Haskell中的梯度下降算法不收敛

我正在尝试在Andrew Ng的机器学习课程中实现梯度下降算法。读入数据后，我尝试实现以下操作，将我的theta值列表更新1000次，期望能够收敛。

所涉及的算法是gradientDescent。我知道通常这个问题的原因是alpha可能过大，但是当我改变alpha的倍数时，例如改变n倍，我的结果也会改变n倍。当我改变iterations的倍数时也同样发生。我想说这可能与Haskell的惰性有关，但我完全不确定。

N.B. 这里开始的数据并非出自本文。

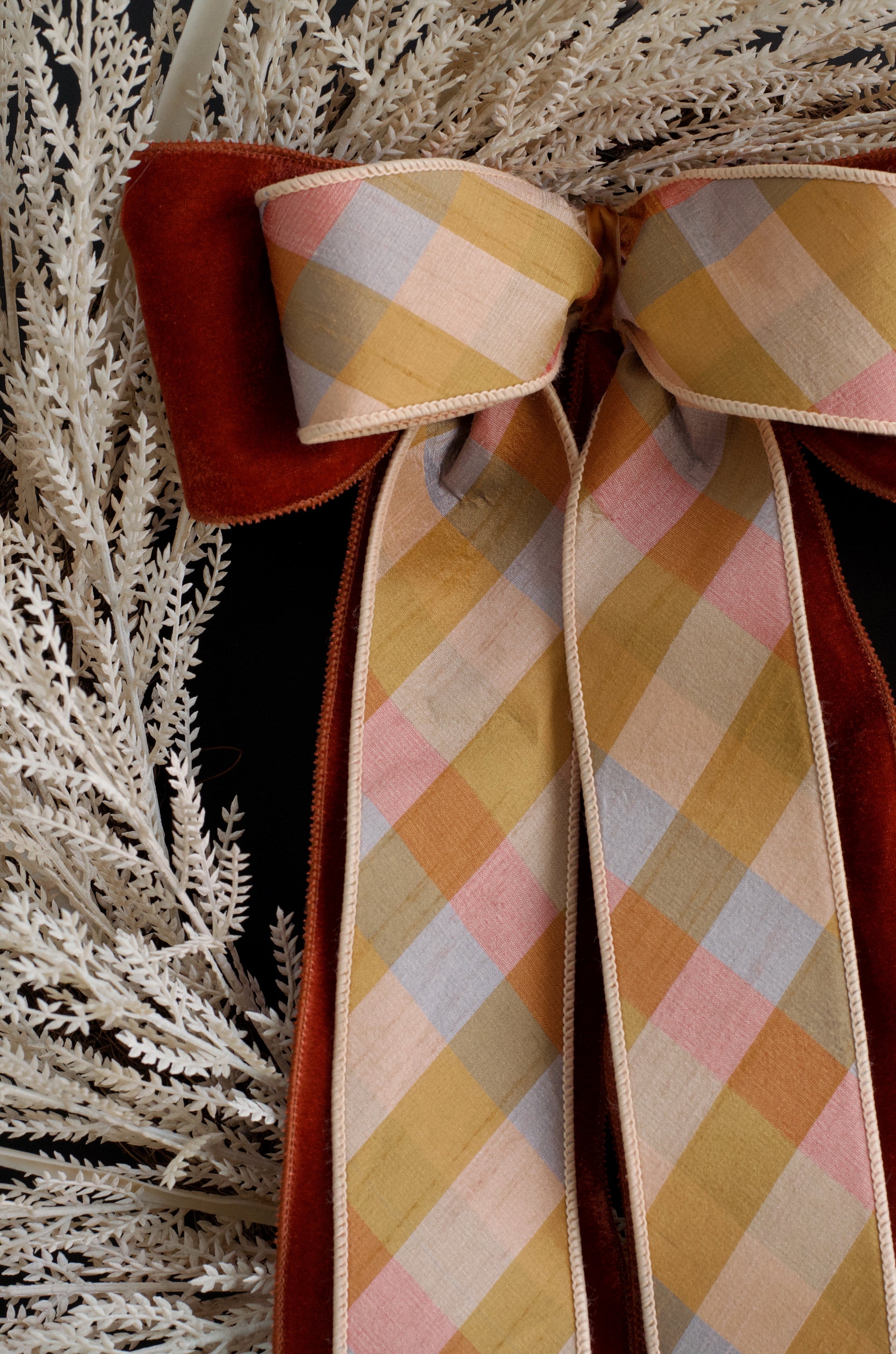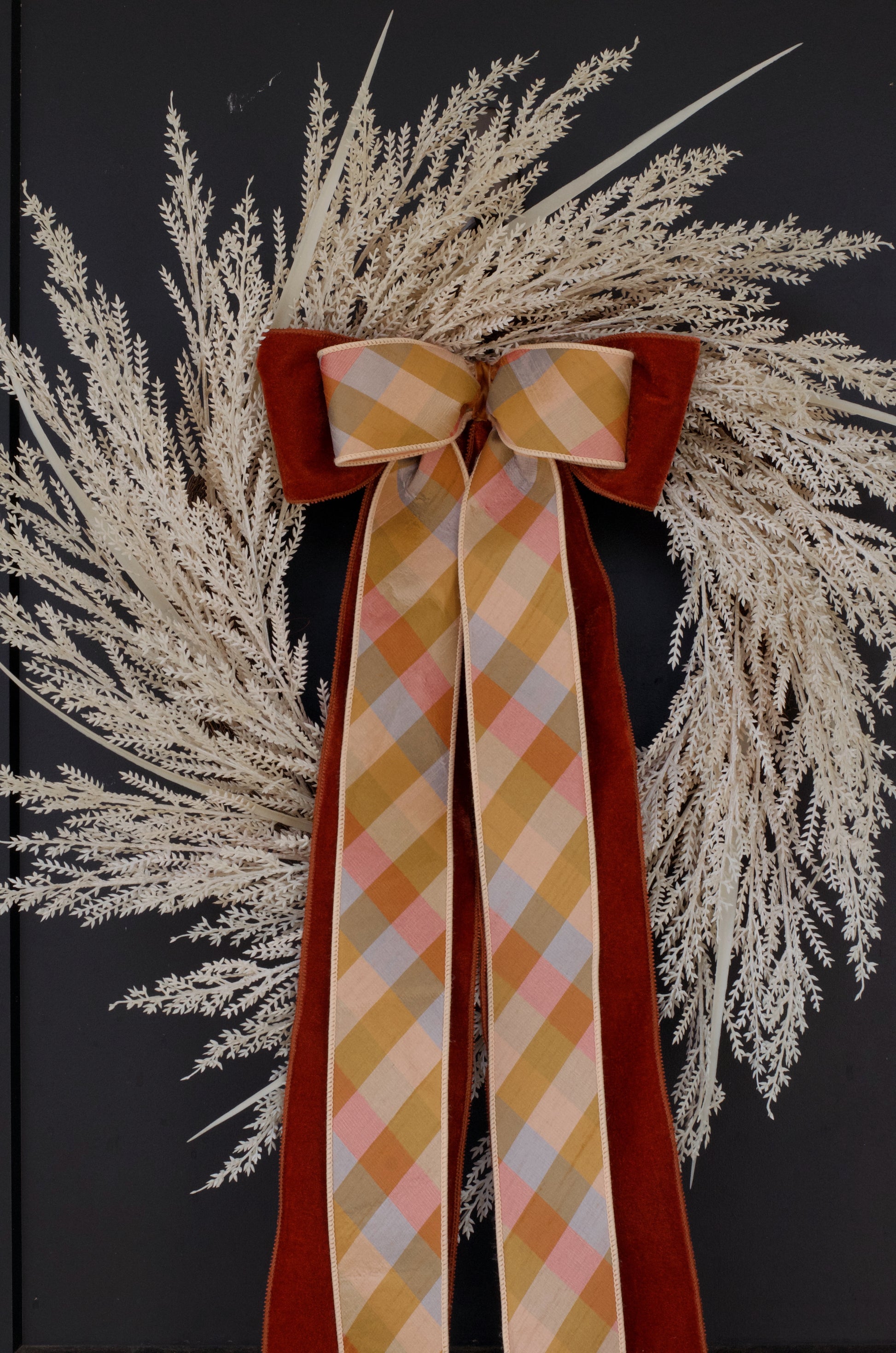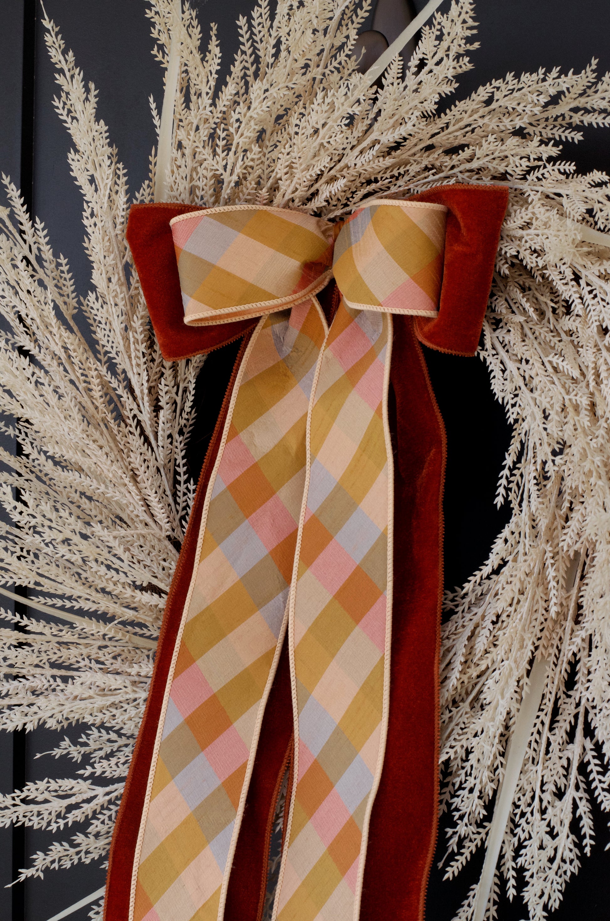 Tied by hand, this one of a kind bow is the perfect addition to your favorite seasonal wreath. Let's celebrate fall with this luxe autumn-inspired bow with premium velvet and plaid ribbon. Pairs beautifully with any fall or everyday wreath. Clip Included.
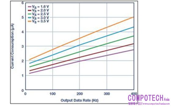 圖 1:ADXL362 電源電流與輸出資料速率的關係。
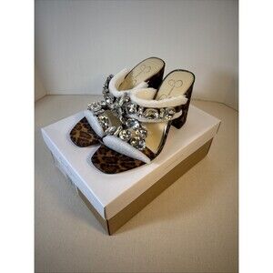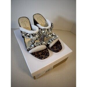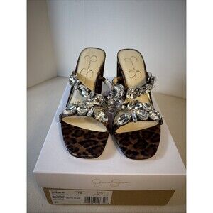 Jessica Simpson Leopard Jewel Embellished Block-Heel Dress Sandals Women’s 7 M
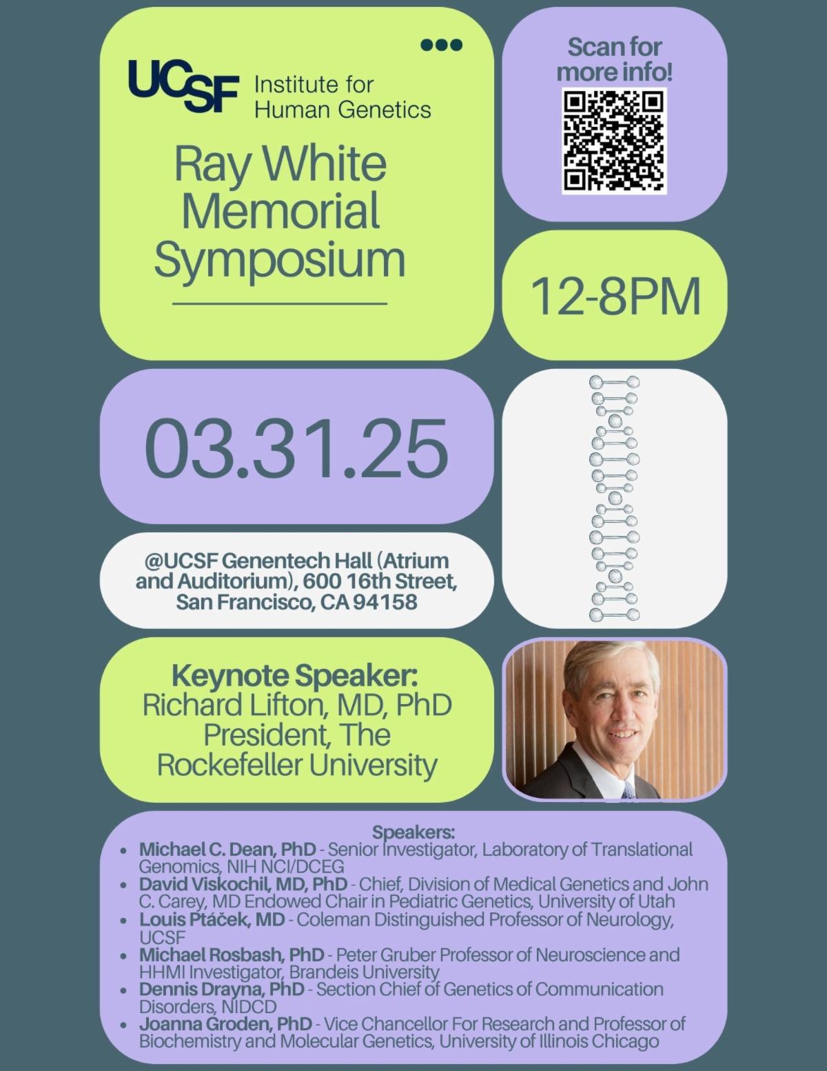 | | | | Ray White’s pioneering work was the foundation for modern human genetics, which has transformed our understanding of virtually every human disease. Ray proposed to develop complete human genome maps using DNA variation as markers for localizing and cloning human disease genes. He played a seminal role in the technical development of these human genetic maps, including collection of the family mapping set universally employed for map development—the first example of a distributed resource enabling broad international collaboration on a biological problem. He pioneered application of this technology to map and identify human disease genes. These included the first molecular confirmation of Knudsen’s tumor suppressor hypothesis, that one “retinoblastoma gene” copy is often lost during tumorigenesis, and the realization that many cancer genes act as tumor suppressors where both copies of the gene must be inactivated. White’s lab mapped and identified many important human disease genes. In addition, Ray also left a legacy in the generation of young scientists and physician scientists that he trained and have gone on to discover genes underlying a broad array of human diseases and normal behaviors. | | Mapping the Human Body One Cell at a Time | | Scientific publishing: an insider's view | | What we can learn from asking big and small questions in complex trait genetics | | The role of silencer variants in human diseases | | AI tool based on one herpes virus predicts viral and host enhancers | | NamiRNA and UCOM, Novel Epigenetic Regulators and Precision Practices | | Craniofacial transcription enhancers and their role in craniosynostosis | | Technology Seminar Series | | |
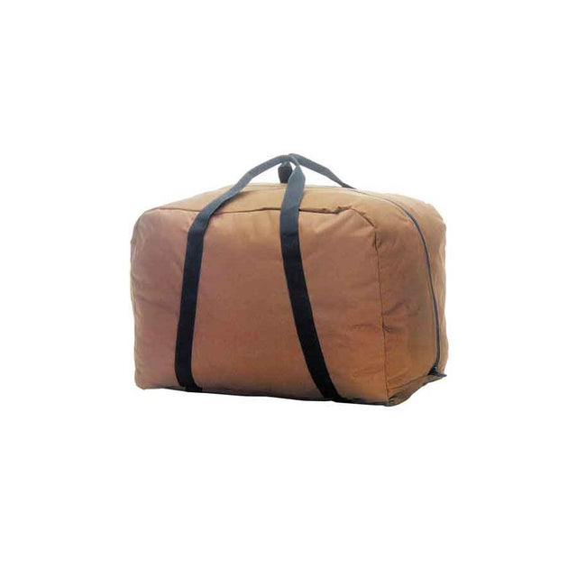Heavy, high quality cordura. Securely bound and reinforced with heavy webbing. Extra heavy rust resistant full length zipper. Bottom and lower half of bag are padded and reinforced. Heavy web carrying straps extend completely around bag.
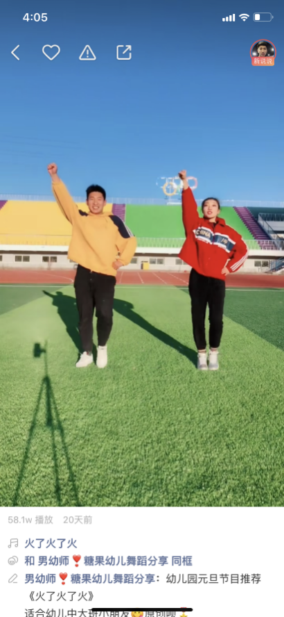 幼师“糖果哥哥”凭借自创的幼儿舞蹈视频在快手上收获了122万粉丝,还在快手课堂开了课——其中,《中国范儿》和《卡路里》最受欢迎。
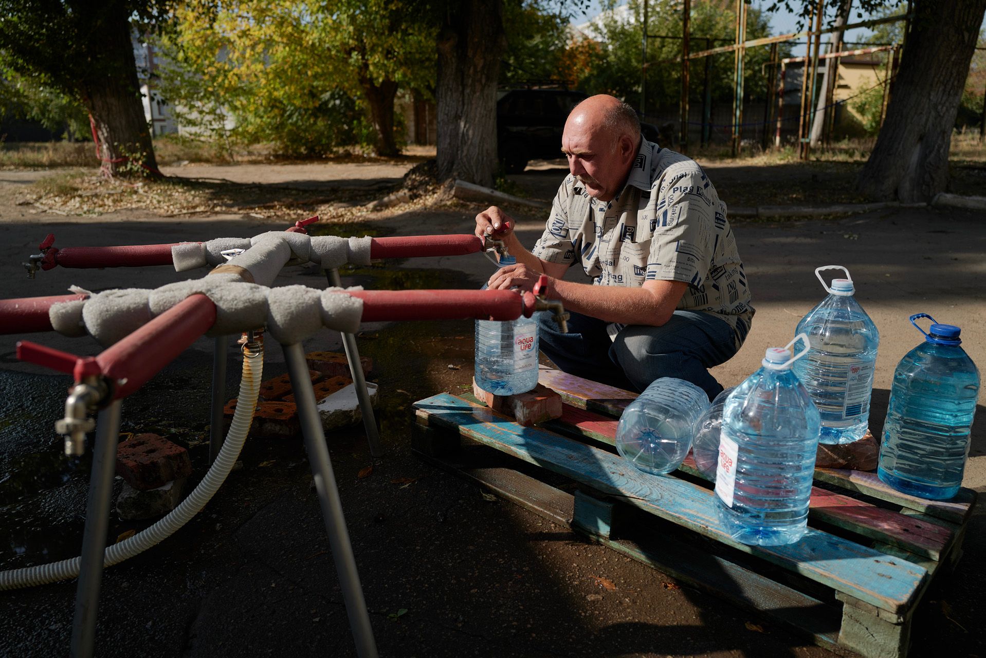 Pierre Crom / Getty Images Горящие после очередного артобстрела трава и кустарник у железнодорожных путей возле Покровска. 3 октября 2024 годаMaciek Musialek / Anadolu / Getty Images Житель Покровска, оставшийся в городе, к которому приближаются российские войска, пытается потушить одно из загоревшихся после обстрела зданий. Хозяин дома в этот момент заблокирован внутри. 2 октября 2024 годаGenya Savilov / AFP / Scanpix / LETA Детская площадка и разрушенный жилой дом в Покровске. До начала полномасштабной войны в городе жили около 60 тысяч человек, по состоянию на середину сентября в Покровске оставались 16 тысяч жителей. Власти пытаются эвакуировать всех жителей в менее опасные места. 24 сентября 2024 годаGenya Savilov / AFP / Scanpix / LETA Несмотря на призывы эвакуироваться, постоянные обстрелы и приближающиеся российские войска некоторые жители города решили, по разным причинам, остаться. В Покровске даже продолжают работать салоны красоты. 21 сентября 2024 годаPierre Crom / Getty Images Житель Покровска пополняет запасы питьевой воды. Из-за обстрелов и ракетных ударов в Покровске нарушено централизованное водоснабжение. 3 октября 2024 годаVincenzo Circosta / Anadolu / Getty Images Военнослужащий из 15-й бригады оперативного назначения Нацгвардии (также известна как «Кара-Даг») — одного из украинских подразделений, обороняющего Покровск. 28 сентября 2024 годаPierre Crom / Getty Images Волонтеры строят укрепления для украинских военных под Покровском. Помочь обороняющим город приехали госслужащие из Закарпатской области. 30 сентября 2024 годаPierre Crom / Getty Images «Зубы дракона» (они должны помешать продвижению техники противника) на подступах к Покровску. Пока их не установили.30 сентября 2024 года
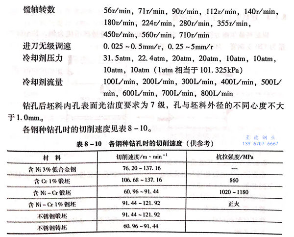 深(shen)孔鉆的(de)切(qie)削(xue)制度與(yu)被加工的(de)材料和所采用的(de)工具有關,其大致在以下范圍(wei)內:
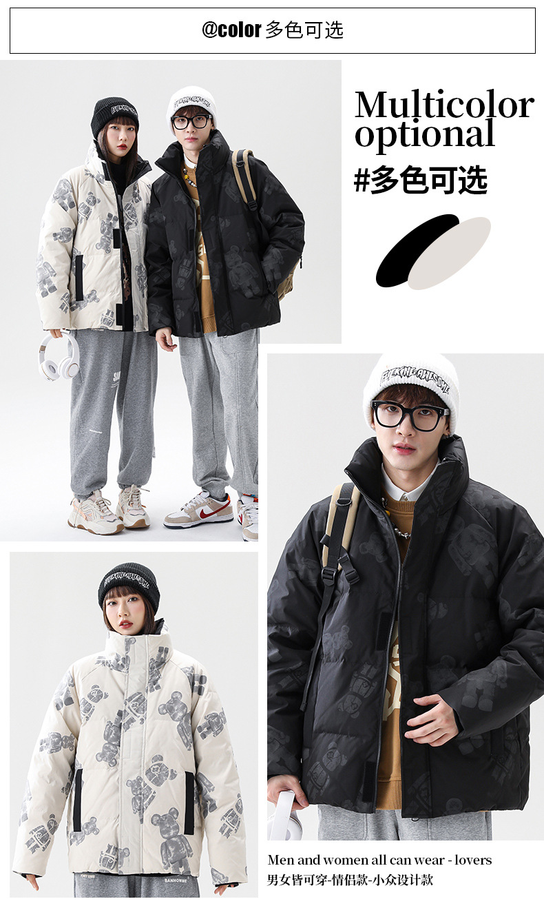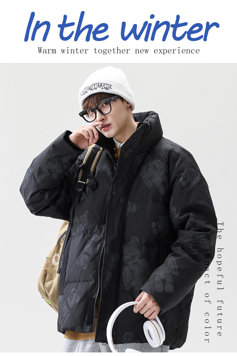都市男裝|2021冬季立領(lǐng)寬松保暖羽絨外套港風(fēng)潮牌ins小熊羽絨服男
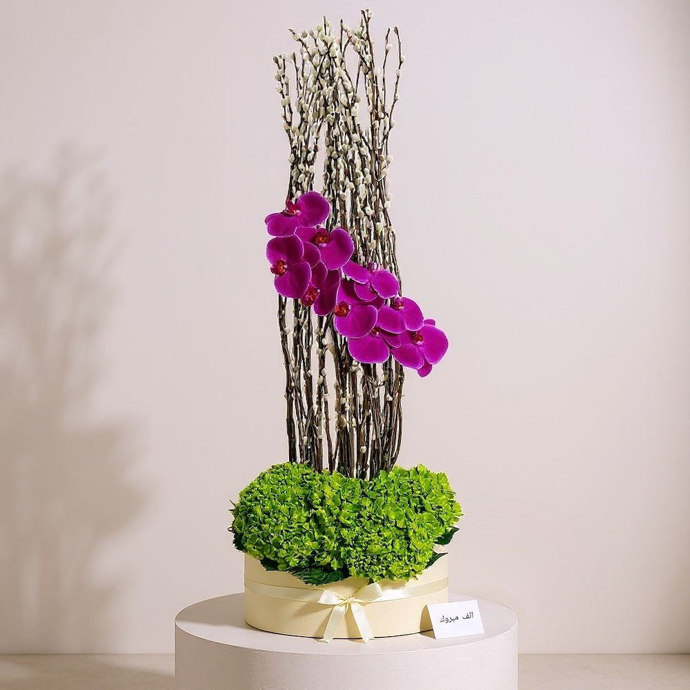 علبة تحتوي على زهور الفالانوبسيس والهايدرينجا المميزة، بتصميم فريد يعكس الذوق الرفيع.
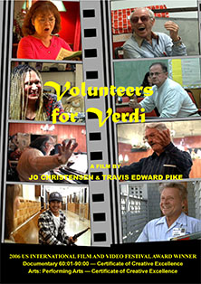 At the northernmost border of Los Angeles' Chinatown, Casa Italiana is home to as eclectic a crowd as ever appeared in a Hollywood movie. Drawn together by unflagging passion, dreadful tenacity, and the notion that opera goes down better with a plate of spaghetti, these VOLUNTEERS FOR VERDI embody the rich cultural mix in Southern California, where America's melting pot continues to bubble and individual dreams may and do come true, even into the twilight years. This independent production won two Certificates for Creative Excellence at the 2006 US International Film and Video Awards, one in the category Arts: Performing Arts, and the other in the category Documentary: 60:09 - 90:00. |
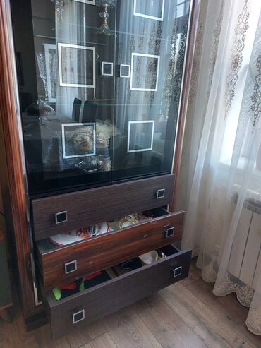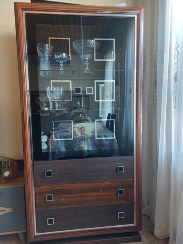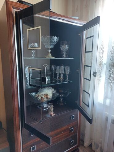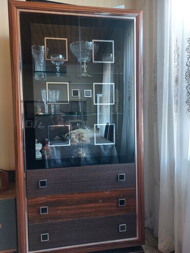 İstənilən qonaq otağı və ya yemək otağı interyerinə uyğun, praktik və dekorativ vitrin-bufet. İstifadə olunmasına baxmayaraq əla vəziyyətdədir.
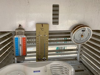 記録温度計は百葉箱の中に置いてあるのですが、他にもいくつか別のものが設置(せっち)されています。今回は少し説明したいと思います。

任何帮助都将不胜感激。

module LR1V where

import qualified Data.Matrix as M
import System.IO
import Data.List.Split
import qualified Data.Vector as V

main :: IO ()
main = do
    contents <- getContents
    let lns = lines contents :: [String]
        entries = map (splitOn ",") lns :: [[String]]
        mbPoints = mapM readPoints entries :: Maybe [[Double]]
    case mbPoints of 
        Just points -> runData points
        _           -> putStrLn "Error: it is possible the file is incorrectly formatted"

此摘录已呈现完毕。